No Whiners Please! This was the bumper sticker I saw on the back of a large sail boat last night after sailing. At first I thought the phrase was directed at the owner’s kids who disliked sailing with the captain every weekend. Then I realized maybe the captain’s message was much broader in scope. Certainly, we all know someone who fits nicely under this category. We do distance ourselves from them either because they are simply annoying or because we just do not have the energy to deal with the nuances of their person agitation.

We as a lot find our work life stimulating and challenging. Office politics and upward struggle are the norm and we comfortably handle these obstacles. However, there are those coworkers who simply unnerve us by their incessant complaints related to the latest ongoing work issue. Whether the coworkers’ complaints are justified or not, the coworker gets labeled as a whiner! In reaction, the coworker becomes alienated and ostracized by his or her peers in the office. Sometimes whiners find themselves together with other like-minded whiners, –and there is nothing wrong with that, they need someone to whine to.
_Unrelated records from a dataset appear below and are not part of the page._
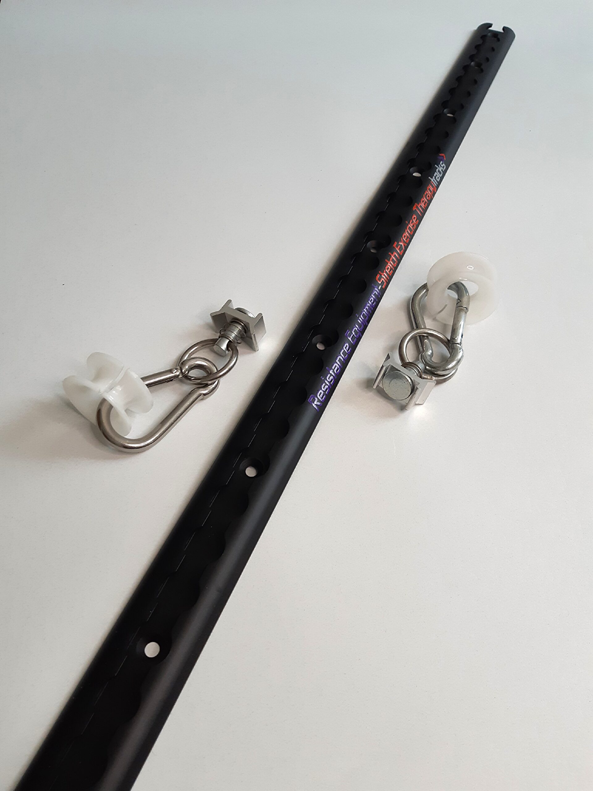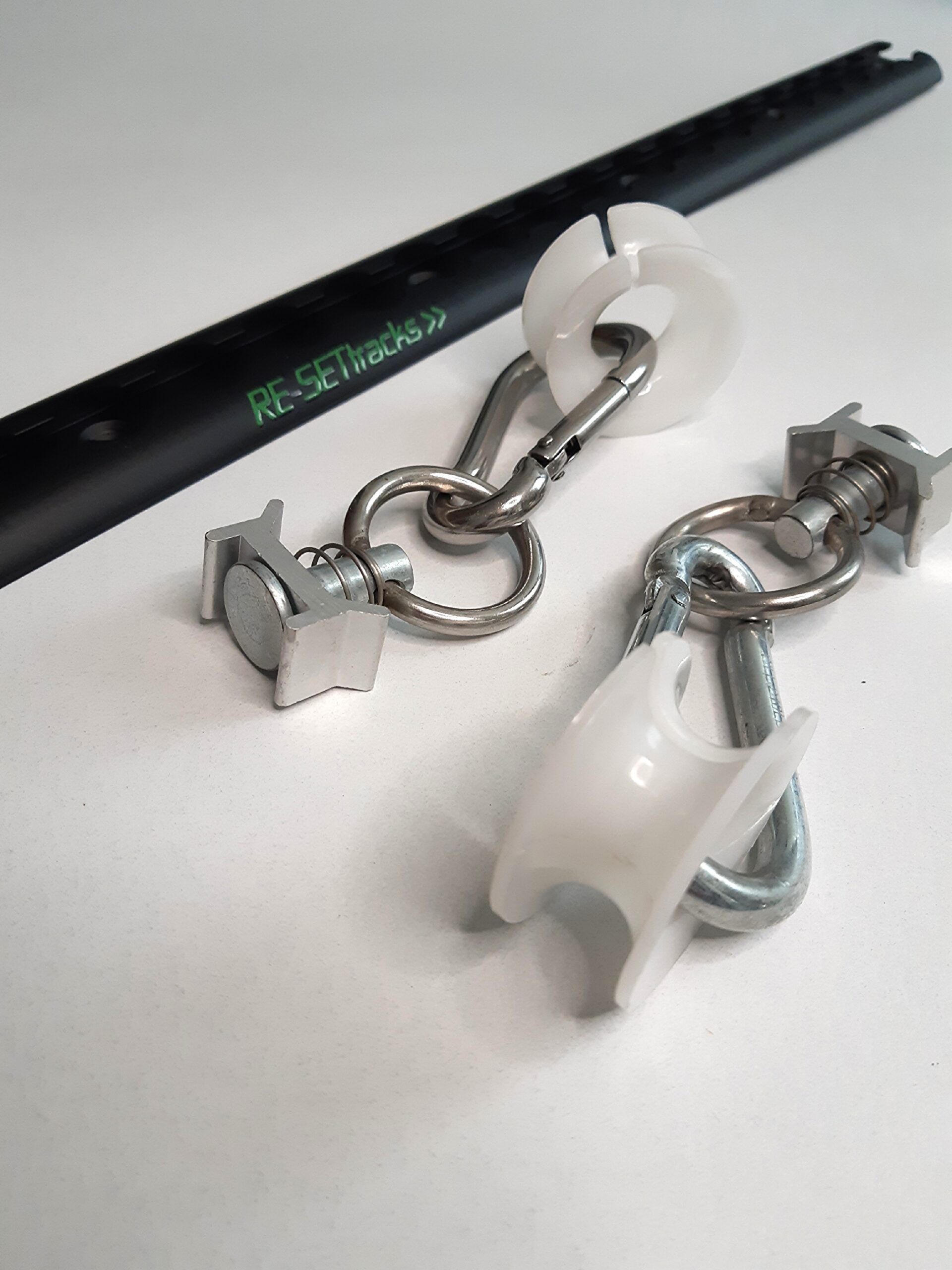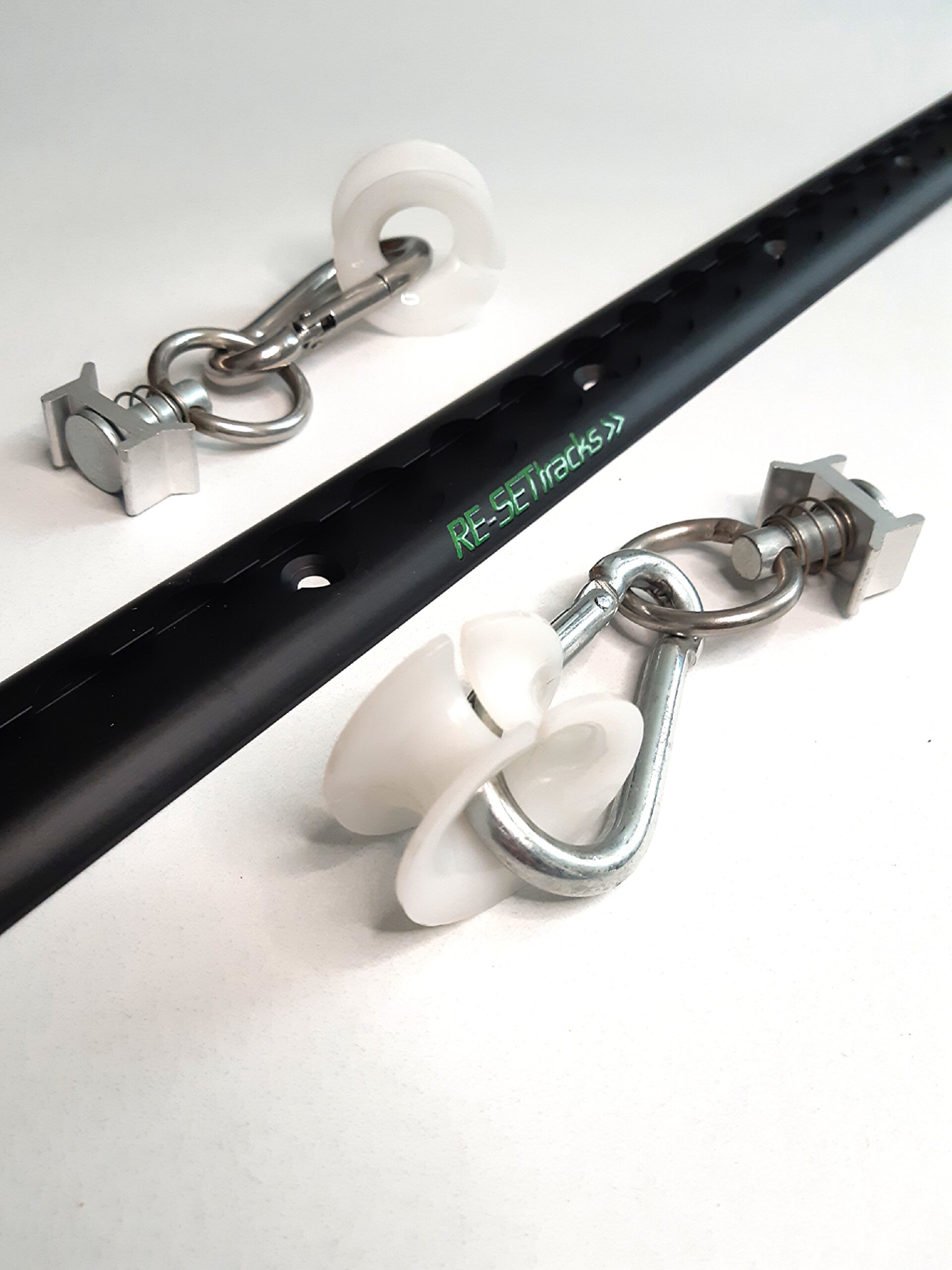 1 – 4 foot RE-SETtrack, 2 Connectors, 2 Carabiners, 2 Spools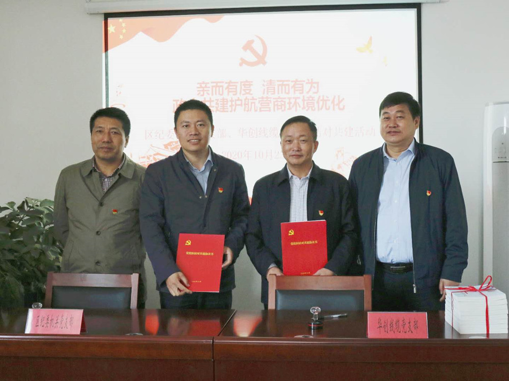 康往東書記和徐明書記先后在儀式上致辭。雙方領(lǐng)導(dǎo)對這次政企結(jié)對共建給予了高度評價??禃浽谥罗o中對華創(chuàng)支部工作提出了幾點要求:一是要提升政治素養(yǎng)、不斷提升自我凈化、自我完善、自我革命、自我提高的能力;二是要培植傳統(tǒng)友誼,兩支部要增加互動、增進了解,建立長效的共建結(jié)對機制,為雙方互學(xué)共進打好基礎(chǔ);三是要取得共建成效,大力推進“廉文化”建設(shè),為企業(yè)健康有序發(fā)展提供政治保障。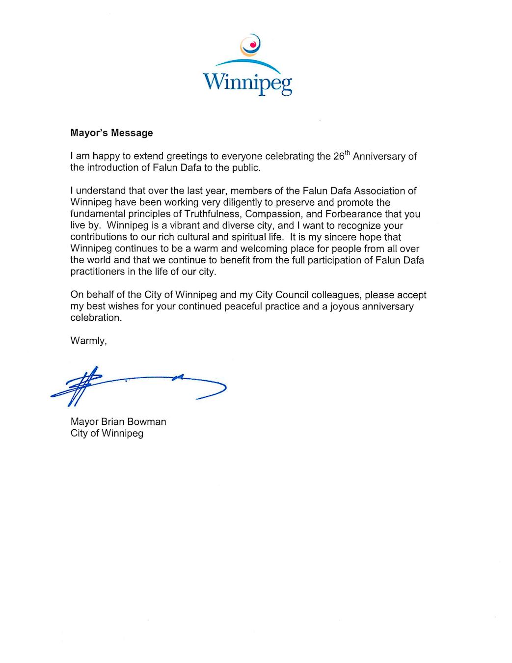 贺信说:“谨代表温尼伯市和我的市府同仁,请接受我最真挚的祝愿,祝愿你们继续(修炼)这个平和的功法,祝你们有一个充满乐趣的周年庆典。”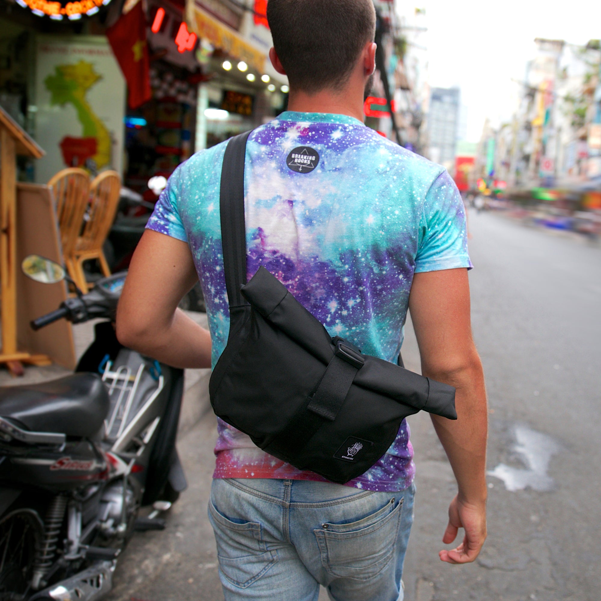 Het oprolbare hoofdvak kan extra worden beveiligd met twee drukknopen. Hierdoor kunt u het volume vergroten wanneer de tas niet is opgerold. De Cyclo Travel Sling is perfect voor dagtripjes of als tas voor waardevolle spullen tijdens het reizen. Hij biedt voldoende ruimte voor al uw essentiële spullen en wiegt moeiteloos op uw rug.

But it is our basic collective intuitive reaction to immediately disassociate ourselves with whining coworkers that caused me to pause and think twice about the bumper sticker.

What if the whiner was bitching about something that was vitally important to the business, but coworkers chose not to listen and labeled him as a whiner. In my experience, this happens every day and more often than you think. The consequences of ignoring the complaints of the complainer could be enormous, such as a failure to address internal complaints involving fraud or misconduct, resulting in loss of revenue or assets. Other examples involve internal complaints of discrimination that go uninvestigated and the employee is later fired and files suit. No investigation means no defense in employment lawsuits. Whiners can be actual whistle blowers and their tirade can alert management to serious concerns in the company. So, think twice about whiners, they may be on to something important.